Limitations & Future Work

  • Only 5 target languages are covered; this can be extended to more languages (e.g., Korean, Hindi).
  • Terms are sourced only from award-winning papers, which may miss important terms in non-award-winning papers.
  • Maintaining temporal updates of term extraction and translation is a long-term challenge.
  • Constrained decoding methods require customization based on model architectures, offering limited generalizability.
  • The actual impact of terminology translation on downstream NLP tasks has not been evaluated.

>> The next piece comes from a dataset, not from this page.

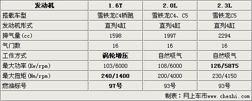 目前雪铁龙原装进口的C4轿跑车型上运用了雪铁龙1.6T涡轮增压发动机,从上表的数据我们可以看出1.6T引擎的动力十分强劲,1.6T引擎在1400转时就可以达到240Nm的最大扭矩输出,相比2.3L自然吸气的发动机还要高出10Nm,完全可以满足人们的日常需求。该引擎的引入将进一步完善东风雪铁龙车型的产品线,来满足不同消费者的需求。
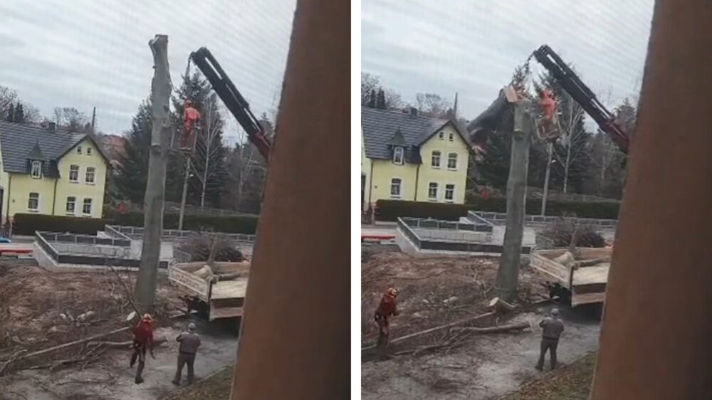 Je kunt veel geld betalen om wat professionals in te huren die je boom kappen, maar als je deze hoveniers zo bezig ziet dan had je het wellicht ook zelf wel kunnen doen.

  • Compared with the ACL 60-60 initiative, GIST scales up by an order of magnitude.
  • Complementary to the LLM terminology translation study by Feng et al. (2024)—GIST provides large-scale validation.
  • The advantages of the prompting method in terminology integration echo the paradigm of LLM few-shot learning.

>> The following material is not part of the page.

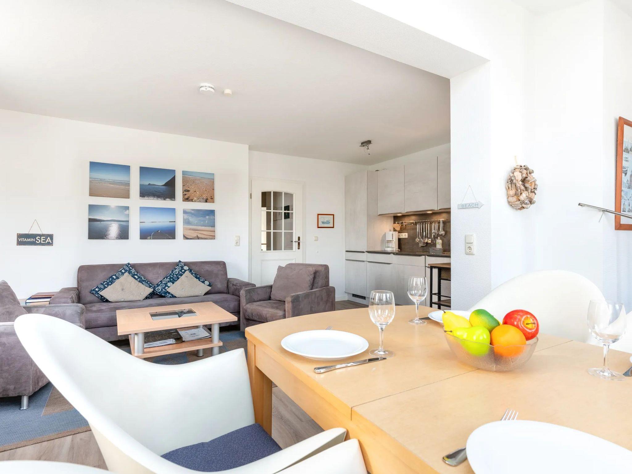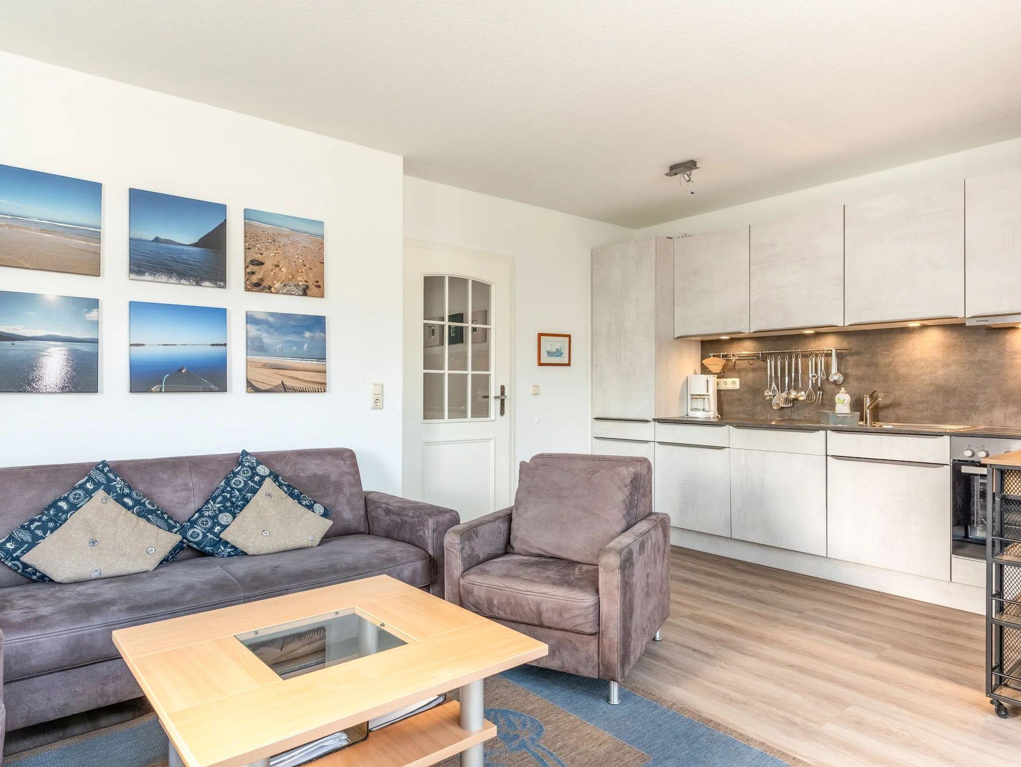 Der Mittelpunkt Ihres Aufenthalts ist der lichtdurchflutete Wohn- und Essbereich, der durch sein offenes Raumkonzept besticht. Hier verschmelzen Entspannung und Genuss zu einer harmonischen Einheit. Die integrierte, moderne Küche ist ein wahrer Blickfang und lässt mit ihrer Vollausstattung ? vom Backofen über den Geschirrspüler bis hin zu praktischen Gefriermöglichkeiten ? keine Wünsche offen. Während Sie in der Küche kulinarische Köstlichkeiten zubereiten, lädt die gemütliche Couchecke mit eigenem TV zum Verweilen ein. Der harmonisch integrierte Essbereich bietet zudem den idealen Rahmen für gemeinsame Stunden und ausgiebige Frühstücksmomente in einem stilvollen Ambiente.

  • Insight: The construction of domain-specific multilingual resources should employ a hybrid LLM + human pipeline, rather than relying purely on manual or purely automated approaches.

Rating

  • Novelty: ⭐⭐⭐ — The first large-scale multilingual dataset of AI terminology, with contributions primarily at the resource level.
  • Experimental Thoroughness: ⭐⭐⭐⭐ — Multilingual coverage, automatic + human evaluation, and comparison of three integration methods.
  • Writing Quality: ⭐⭐⭐⭐ — Clearly structured, with a detailed description of the dataset construction workflow.
  • Value: ⭐⭐⭐⭐ — Holds practical significance for promoting the global popularization and multilingual accessibility of AI knowledge.